Le prince Louis de Bourbon était en visite en Bretagne samedi 30 et dimanche 31 mai. A cette occasion, il a fait au Télégramme différentes déclarations reproduites avant-hier samedi sur le site internet du quotidien breton. Ces déclarations ont fait l'objet d'une Lettre sur la légitimité, de Pierre de Meuse, parue peu après dans le forum des débats du Télégramme. Elle a également été publiée sur la page Facebook et sur le site de Lafautearousseau. Nous la mettons en ligne, sur le blog de l'AF-Provence, aujourd'hui, pour une plus large audience. Est-il utile de préciser que nous en partageons les termes et l'esprit ? AF-Provence

 

955344382.jpgLa monarchie légitime est malheureusement abolie depuis 185 ans. Dans l’ordre juridique actuel, n’importe qui a le droit de revendiquer la couronne de France. Toutefois, si on le fait au nom du droit dynastique et de  l’Histoire, il faut respecter les faits historiques. Or Louis Alphonse de Bourbon, que vous avez interrogé, a commis un certain nombre d’erreurs qui en disent long sur le bien-fondé de sa prétendance.
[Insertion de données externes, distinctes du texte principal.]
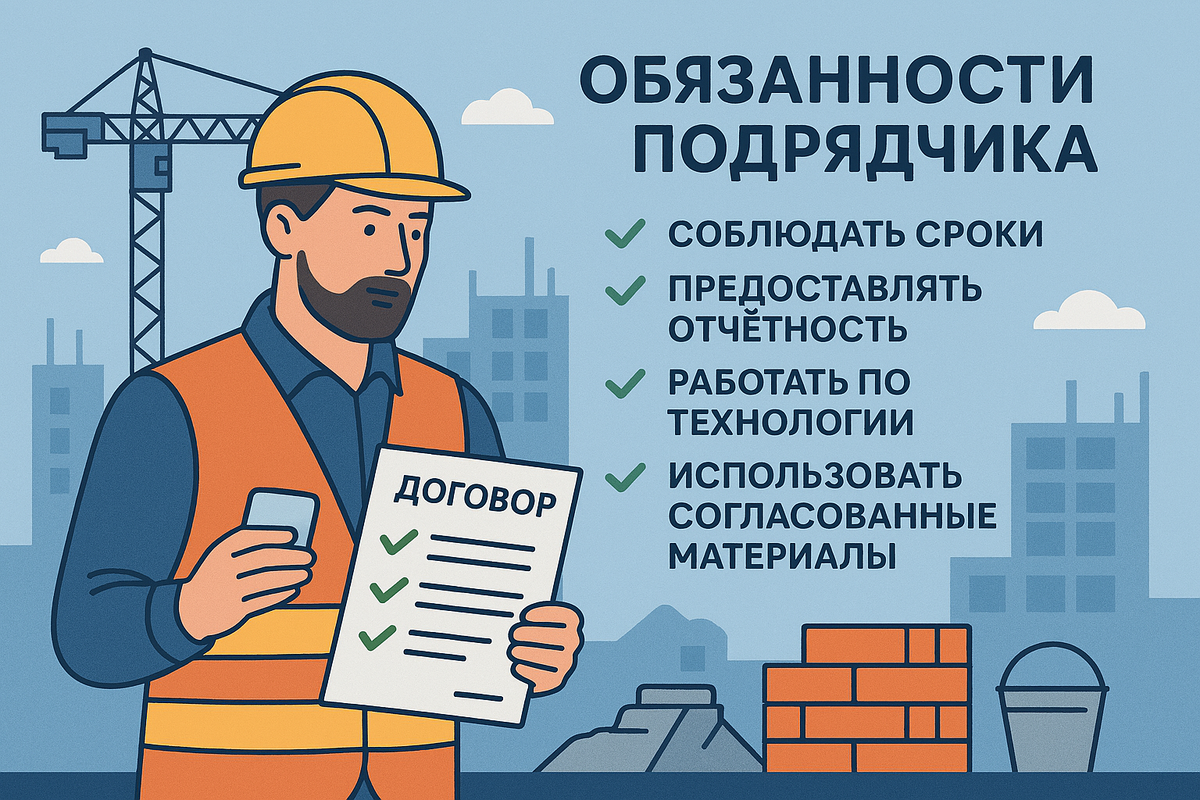 Исполнитель обязан соблюдать сроки, предоставлять отчётность, работать по технологии и использовать согласованные материалы.

  D’abord, il nous parle des Bourbons, « famille française depuis plus de 1.000 ans. » Faut-il rappeler que les Bourbons commencent en 1256 en tant que branche de la famille royale, et ne deviennent héritiers de la couronne qu’à la mort d’Henri III, à la fin du XVI° siècle ? La famille royale millénaire est bien la dynastie capétienne, à travers ses divers rameaux. 
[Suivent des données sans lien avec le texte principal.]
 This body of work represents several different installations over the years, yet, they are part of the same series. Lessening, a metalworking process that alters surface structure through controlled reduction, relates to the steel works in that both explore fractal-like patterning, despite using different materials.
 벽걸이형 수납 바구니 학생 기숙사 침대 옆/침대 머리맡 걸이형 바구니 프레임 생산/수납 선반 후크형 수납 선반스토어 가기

  Ensuite, s’il est vrai que le Prince Henri d’Orléans est le descendant direct de Louis-Philippe, ce n’est nullement de la Monarchie de Juillet qu’il tient sa légitimité, mais de l’épuisement de la branche aînée dans les mâles à la mort d’Henri V, Comte de Chambord. Contrairement à ce que dit Louis Alphonse, il n’y a plus d’orléanisme, ni de légitimisme, d’ailleurs, depuis que, le 3 août 1873 le premier Comte de Paris reconnut Henri V comme roi de jure et renonça à porter les insignes de 1830. A la mort du prétendant de Frohsdorf, il devint Philippe VII et non Louis-Philippe II comme le réclamait une partie de sa famille, qui le déshérita pour cela. Du reste, si le terme « orléanisme » signifie une option libérale et centraliste, par opposition au royalisme traditionnel, alors Louis de Bourbon peut considérer avec regret ses propres aïeules et aïeux les reines Marie-Christine et Isabelle, ainsi que les rois Alphonse XII et Alphonse XIII, dont la doctrine de gouvernement était identique à celle de Louis Philippe. 
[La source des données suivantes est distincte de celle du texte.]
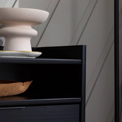 Stylish, luxurious, and practical, Saracina Home’s Mid-Century Modern Solid Wood 2-Drawer Storage Nightstand gives you a little bit of everything. Raised, tapered legs give this piece its nostalgic charm, while two cubbies and two drawers give it its contemporary convenience. A raised lip around the top surface prevents your belongings from getting pushed off when you sleepily reach for your water bottle in the middle of the night. Constructed with solid pine wood that is responsibly sourced from renewable forests, this end table adds one more sustainable purchase to your bedroom or living room. Pair this piece with the matching Mel dressers for a complete set.
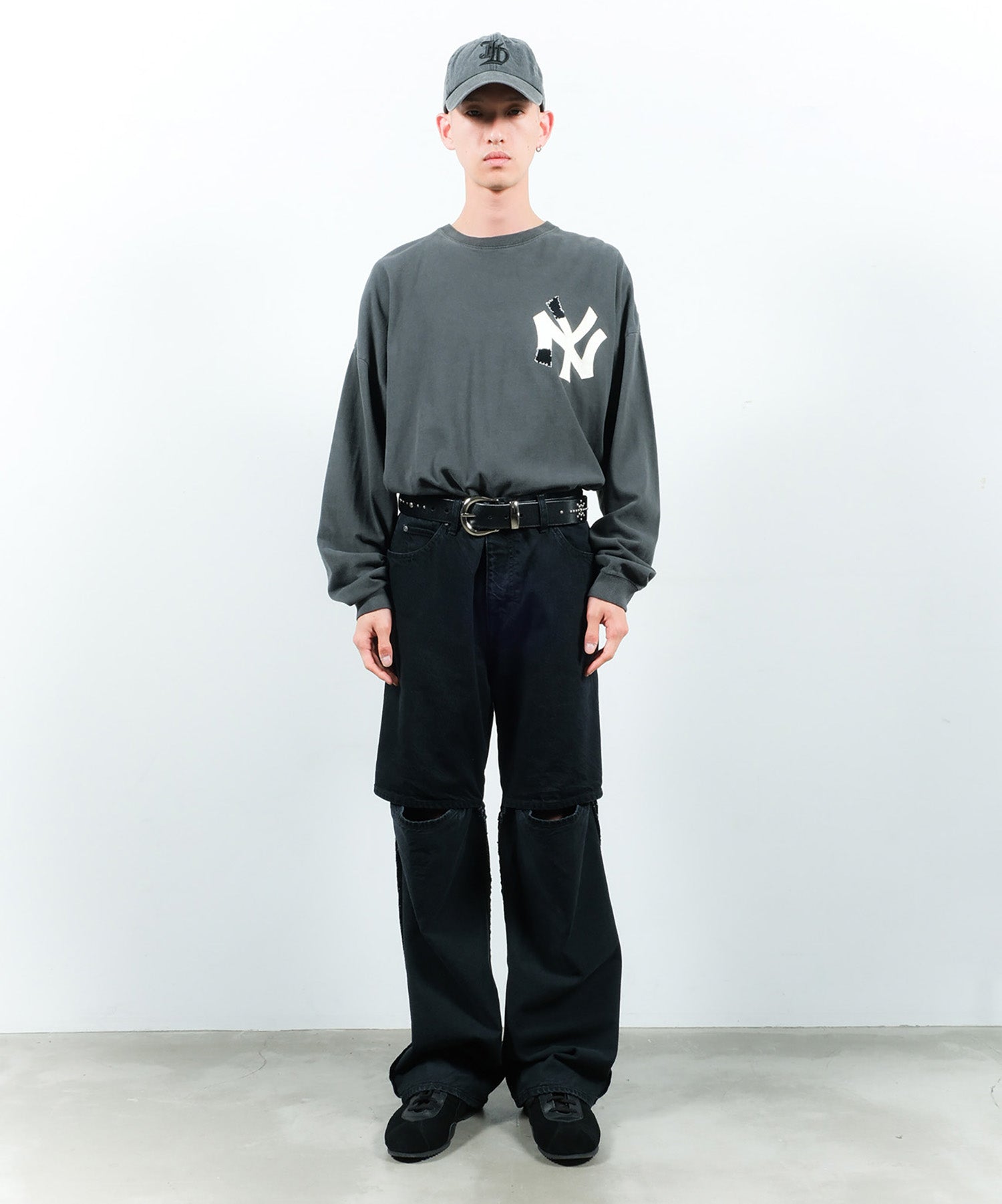 左胸に「NY」刺繍を施したピグメントロングスリーブTシャツ。
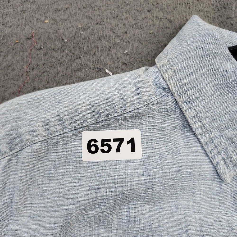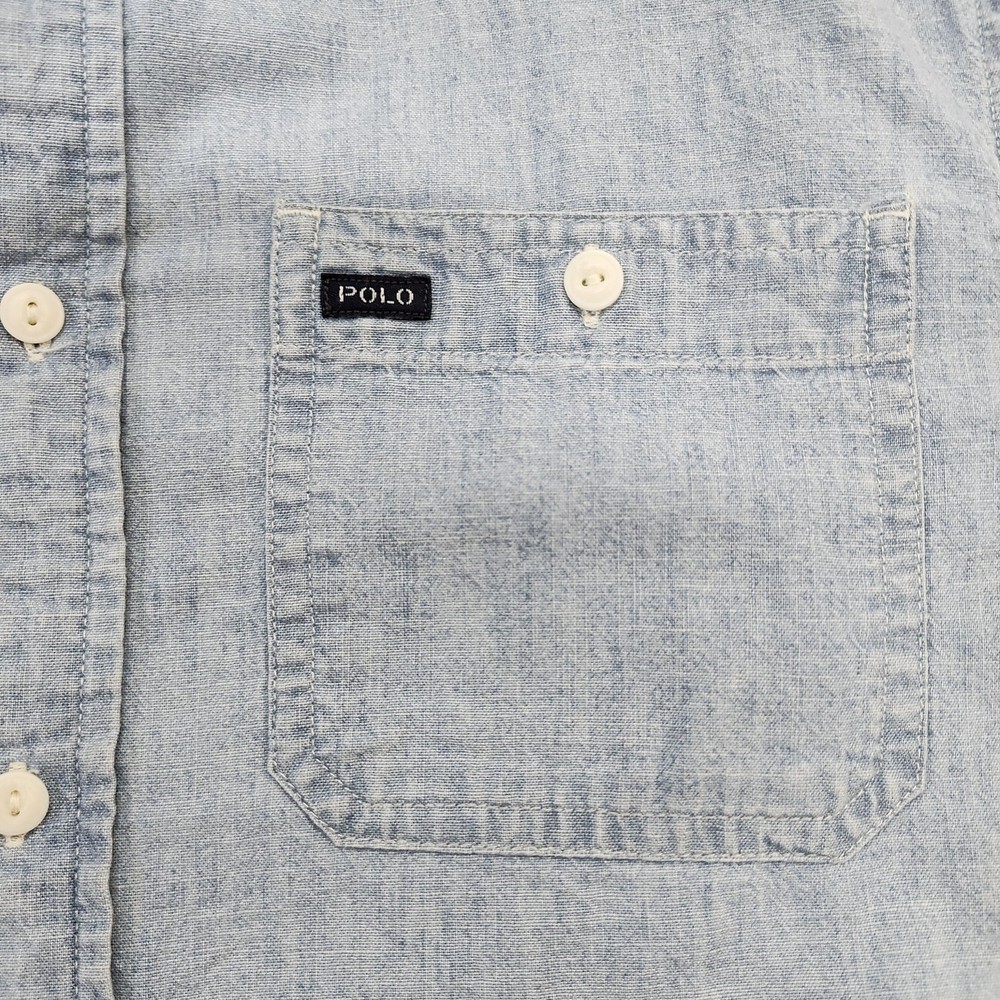 Polo Ralph Lauren shirt in boys size Large 14-16 with a blue long sleeve button-front collared silhouette designed for casual wear and layering. Tag details: Interior neck label shows POLO RALPH LAUREN branding and size L (14-16) text. Color and fabric: Light blue chambray-style woven fabric with subtle texture throughout for a classic denim-inspired look suitable for everyday wear. Features: Point collar, full button-front placket with light buttons, long sleeves with button cuffs, back yoke with pleats, and curved shirttail hem for comfortable movement and easy layering. Design details: Two front chest patch pockets with button closures, left pocket featuring a small woven POLO logo tab for subtle branding. Additional details: Inventory sticker labeled '6571' is attached at the upper back as pictured. Use: Versatile boys button-up shirt suitable for school, casual outfits, or layering over tees; please review all photos for additional visual details and confirmation of style and design.

  Enfin, Louis de Bourbon rappelle de manière surprenante pour expliquer sa vie à l’étranger les « mesures d’exil qui ont frappé les familles royales ». Certes, mais non la sienne, qui ne fut touchée ni par la loi de 1832, ni par la loi de 1848 ni par celle de 1886 qui ne proscrit que les Orléans et les Bonaparte. Et pour cause ! Les Bourbons isabelins dont Louis est l’héritier régnaient alors sur l’Espagne, et ne songeaient nullement à revendiquer la couronne de France. Et lorsque le grand père de Louis, après la mort de son père, le roi Alphonse XIII, se découvre appelé par une vocation irrépressible à la prétendance, il va tranquillement passer sans entraves d’un pays d’Europe à l’autre, tandis que les Orléans restent frappés par la loi d’exil jusqu’en 1950, revenant ensuite dans leur patrie pour toujours sans jamais cesser de se déclarer prêts à accomplir leur devoir historique.  Car renouer les liens déchirés du charisme monarchique diffère grandement de la simple transmission d’une couronne : il y faut une longue suite de sacrifices et d’efforts, bien plus que deux voyages par an, mais un amour exclusif de notre pays, une disposition de tous les instants, une solidarité obstinée à travers les siècles. La couronne de France n’est pas un lot de consolation pour des princes injustement traités par leurs cousins.